A Missouri senator has introduced a resolution that would prohibit any future foreign citizens from voting in elections statewide.
State Senator Ben Brown’s SJR 30 states specifically that only legal citizens over the age of 18 years old can vote in Missouri.
“It does state that in the Missouri constitution but not as strongly as Ben Brown’s bill,” said Byron Keelin, president of Freedom Principle MO, a Missouri-first pro-citizen group. “It’s just strengthening what’s already there.”
If SJR 30 is approved by the legislature, it would be Missourian voters who would decide whether it’s implemented because it touches upon the Missouri constitution.
“Our republic was founded on the principle that we are governed by a representative democracy consisting of those chosen through free and fair elections," Brown said at a hearing last month. "In order to secure the future of our republic, it is essential that we restore confidence in our system of elections.”

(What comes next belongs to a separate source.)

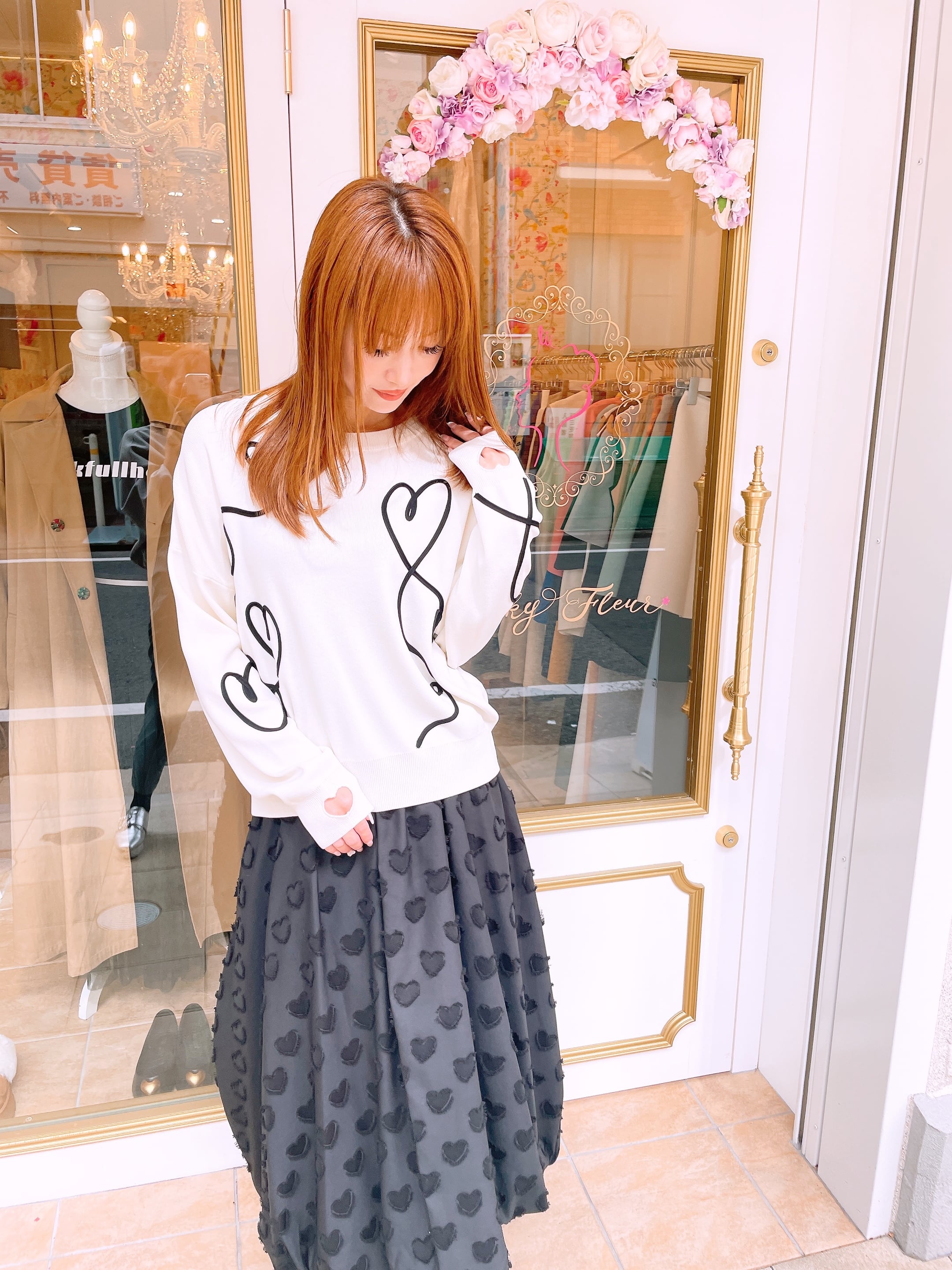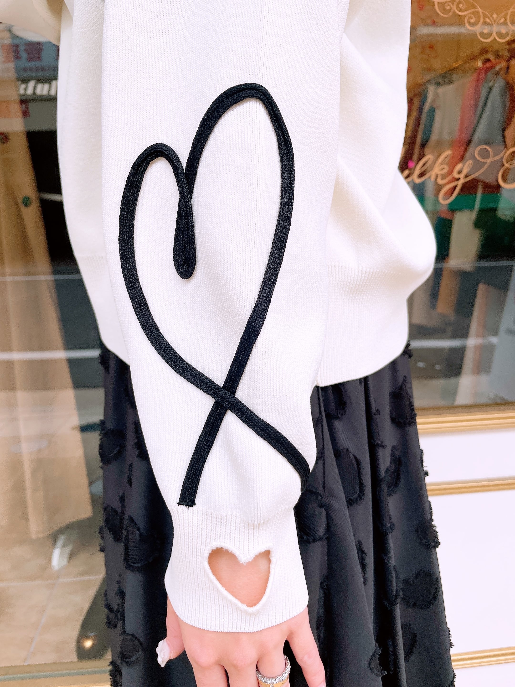 立体的なコード刺繍で描かれたハートモチーフが目を引くニットです。

The resolution also specifies elections should be by paper or mechanical ballot and that voters are only entitled to one vote for each issue on the ballot and the same amount of votes for each office as there are seats to be filled at the election.
“The premise of Ben Brown’s bill is to ban any type of ranked-choice, approval style, or weighted voting in Missouri,” Keelin told the St. Louis Record. “What we're trying to do is work with Senator Brown and get a constitutional amendment that would ban ranked choice voting so that we can just stop this.”
As previously reported in the St. Louis Record, Better Elections MO campaigned to allow ranked-choice voting in Missouri by gathering and submitting more than 300,000 signatures with its petition last year but the petition fell short of signatures.
“Now, they're starting again trying to get signatures for the November 2024 election,” Keelin added.
RCV, also known as Final Five Voting, is an election process in which voters choose among all candidates rather than from a partisan ballot. The top five vote-getters in a primary election then go on to a general election. The winner must earn 50 percent plus one, otherwise, a runoff election takes place.
SJR 30 would preserve the one-person, one-vote system, according to Brown.
“For a voter’s voice to fully count in every round of ranked-choice voting election, they must vote for all candidates on the ballot even those they may not support,” he said. “So, while proponents of ranked-choice voting claim that its purpose is to protect majority rule, the reality is that all it creates is an artificial majority.”